General procedures and special precautions
that apply to the test procedures as a whole to assure proper
test conditions shall be as outlined on sheet 3 of figure 3.
UUT interface requirements. (adapters)
The characteristics of the equipment
and circuitry required to test the UUT (excluding test equipment)
shall be specified. MIL standard part numbers or component specifications
shall be used to specify electrical/electronic circuits in lieu
of vendor part numbers. Dimensioned drawings shall be included
when the data necessary to design fixtures are not readily available
and apparent on outline and other drawings specified herein. Special
materials required for fixtures (e.g., nonmagnetic materials)
shall be specified. Specification of equipment and circuitry that
requires the use of a specific test device shall be avoided where
possible. Electrical and mechanical interface data shall provide,
as a minimum, a description of the data items specified herein.
The format for UUT interface requirements shall be in accordance
with figure 4.
Electrical interface.
Signal conditioning and connector data
related to the avionics item shall be provided as follows:
a. UUT connector identification: All
UUT connectors and corresponding mating connectors shall be identified.
This shall include the connector manufacturers' nomenclature and
part numbers and a cross reference designation such that all connectors
and pin designations on both the schematics and the drawings may
be determined.
b. Descriptive data shall be provided
on separate sheets that define each signal conditioning circuit.

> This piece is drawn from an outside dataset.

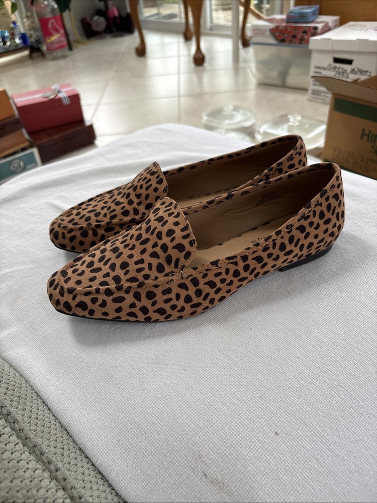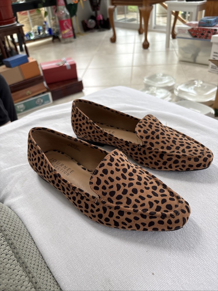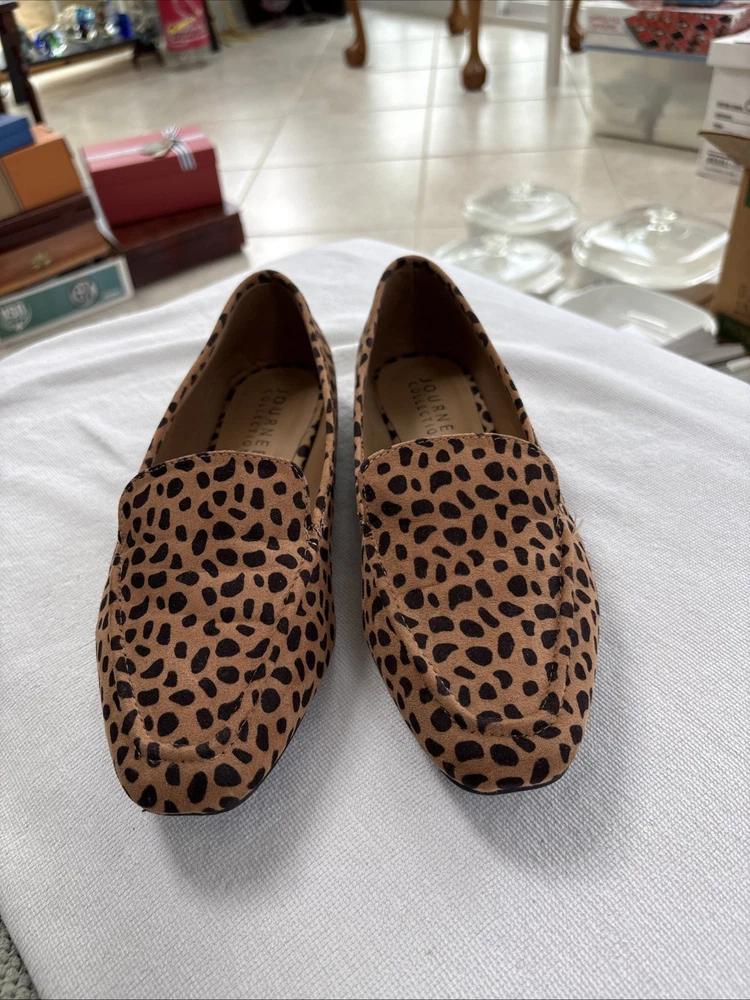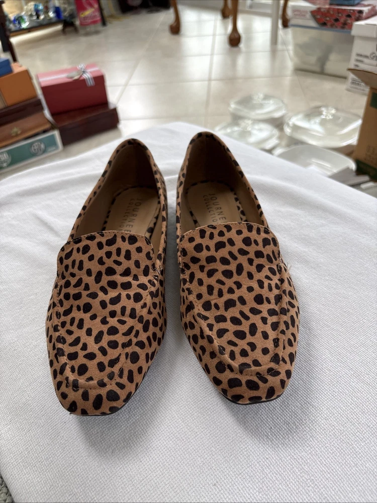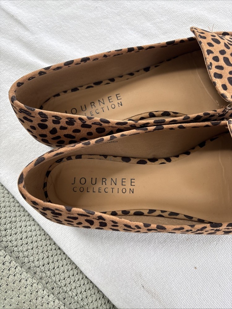 These women's shoes by Journee Collection are size 10 slip-ons with an almond toe shape and a spotted pattern. The multicolor shoes are lightweight and comfortable, suitable for casual, formal, and business occasions. Made of synthetic and blended fabric materials, these flats have a microfiber upper and a synthetic insole. The outsole is made of fabric and the shoe width is medium, making them perfect for the summer, fall, and spring seasons. With a city and college theme, these slip-ons are a stylish and versatile choice for women on the go.

Descriptive data shall include the following as applicable:
(1) Minimum wire size
(2) Maximum wire size
(3) Wire or coax type
(4) Shielding requirements
(5) Detailed definition of signal conditioning circuits
(6) Grounding requirements
(7) Separation of circuits
(8) Twist pair or twisted multiples requirements
(9) Other
c. Test point connectors: All test
point connectors shall be specifically identified. Information
provided shall include manufacturer's type, and a cross reference
and function designation so that each test point connector and
test point can be located on schematics and other drawings.
Mechanical interface.
a. Mounting, holding, support fixtures:
Descriptive data shall be provided for all mounting, holding,
and support fixtures required for each UUT that cannot be safely
be tested on a flat horizontal work surface.

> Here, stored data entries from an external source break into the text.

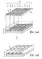 FIGS. 5band5cillustrate two other options for the preparation of microcups by imagewise exposure. The features in these two figures are essentially the same as shown in FIG. 5aand the corresponding parts are also numbered the same. In FIG. 5b, the conductor film (52) used is opaque and pre-patterned. In this case, it may be advantageous to imagewise expose the radiation sensitive material through the conductor pattern which serves as the photomask. The microcups (56) can then be formed by removing the unexposed areas after UV radiation. In FIG. 5c, the conductor film (52) is also opaque and line-patterned. The radiation curable material is exposed from the bottom through the conductor line pattern (52) which serves as the first photomask. A second exposure is performed from the other side through the second photomask (50) having a line pattern perpendicular to the conductor lines. The unexposed area is then removed by a solvent or developer to reveal the microcups (56).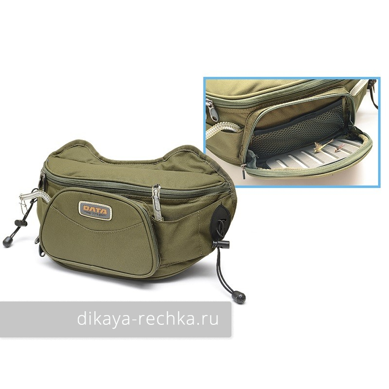 Компактная поясная легкая сумка защитного цвета имеет очень продуманную конструкцию - помимо основного отсека с сетчатыми кармашками, в ней есть наружный карман с пенкой для хранения приманок, вытяжные шнуры для крепления инструмента и система "свободные руки" для спиннинга. Регулируемый по длине ремень может полностью сниматься - при желании сумку можно повесить на шею, закрепить к рюкзаку или на обычный брючный ремень с помощью лямок с карабинами. Обратная сторона уплотнена мягкой сетчатой тканью для комфортного ношения.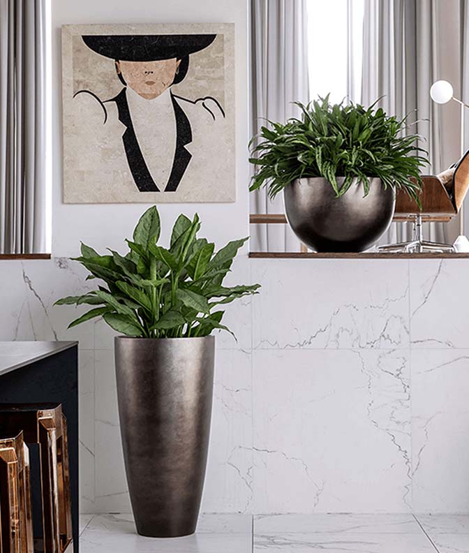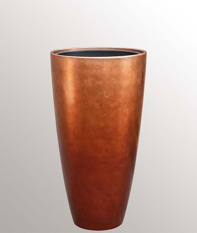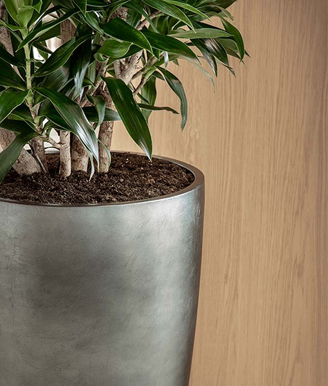 La collection Metallic a un look élégant et raffiné. C'est un pot solide car il est en composite. Le pot est léger et donc facile à déplacer. Le pot est entièrement recouvert de feuille d'argent. Au-dessus de cela se trouve une couche de laque colorée transparente. La jardinière est livrée avec une doublure imperméable amovible.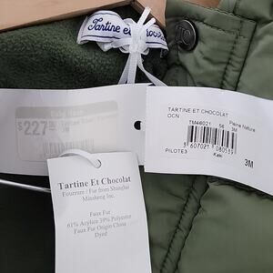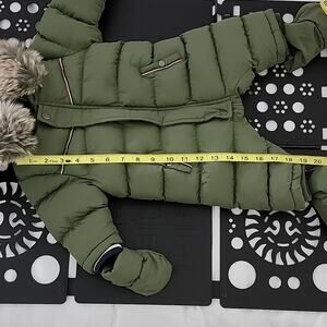 Tartine et Chocolat Baby Khaki Green Hooded Bunting Puffy Snowsuit Faux Fur 3M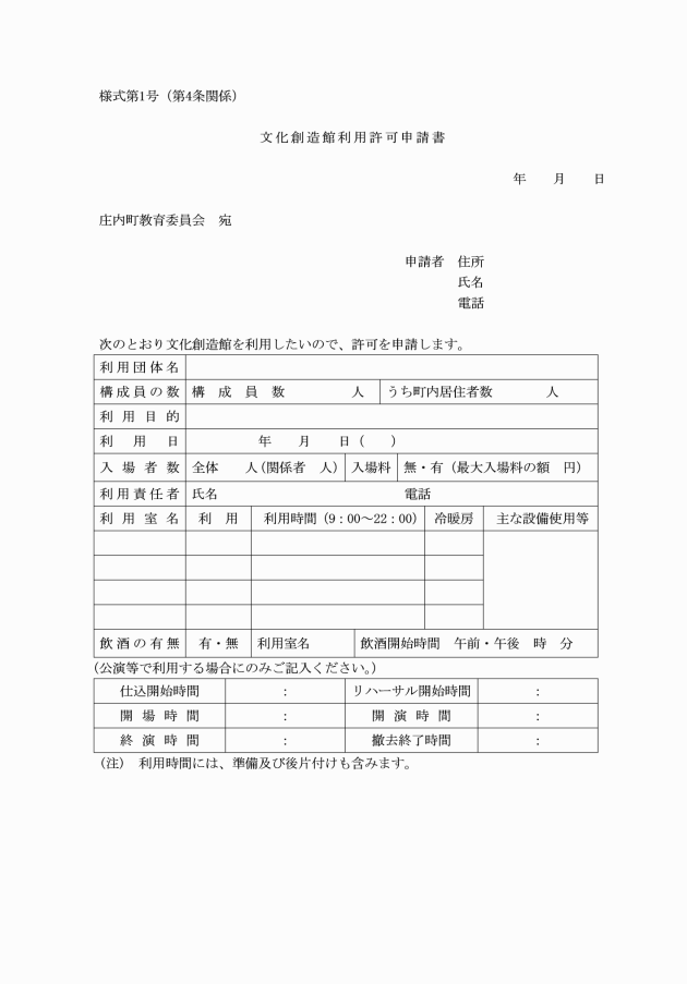庄内町文化創造館設置及び管理条例施行規則(平成17年庄内町教育委員会規則第29号)の全部を改正する。

b. Pneumatic, hydraulic, cooling fixtures:
Descriptive data shall be provided for all fittings, fixtures,
and adapters required to connect pneumatic, hydraulic, and cooling
sources to the UUT.
Detailed performance characteristics.
A detailed description of the performance
characteristics shall be provided for the UUT. As a minimum, the
following information shall be provided:
a. Functional name of the UUT and
vendor's part numbers.
b. Input data: All inputs, electrical,
optical, mechanical, etc., shall be defined and their range and
tolerance specified.
c. Output data: All outputs shall
be specified in terms of their range, accuracy, and relationship
to the input conditions.
d. Test point data: The test points
shall be identified by function, and the signal (input or output)

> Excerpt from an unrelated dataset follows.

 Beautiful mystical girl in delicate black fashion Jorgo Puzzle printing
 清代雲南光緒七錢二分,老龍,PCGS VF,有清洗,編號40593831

conditions shall be specified.
e. Controls and ranges of control
(or adjustments)
This data shall describe the item
in sufficient detail that any "black box" with the characteristics
described could be inserted in the system without degrading the
system performance. This data shall also be used by the contractor
in the development of TRD's to assure test consistency at all
levels of maintenance and compatibility between maintenance and
quality assurance test results. Input, output, and test point
data shall be identified by test connector and pin designator,
and by functional name. Functional names shall not be duplicated.
Detailed test information.
Each test to be conducted on a UUT
shall be detailed on a separate test information sheet.
Detailed test information sheet.
The format of the detailed test information
sheet shall be in accordance with figure .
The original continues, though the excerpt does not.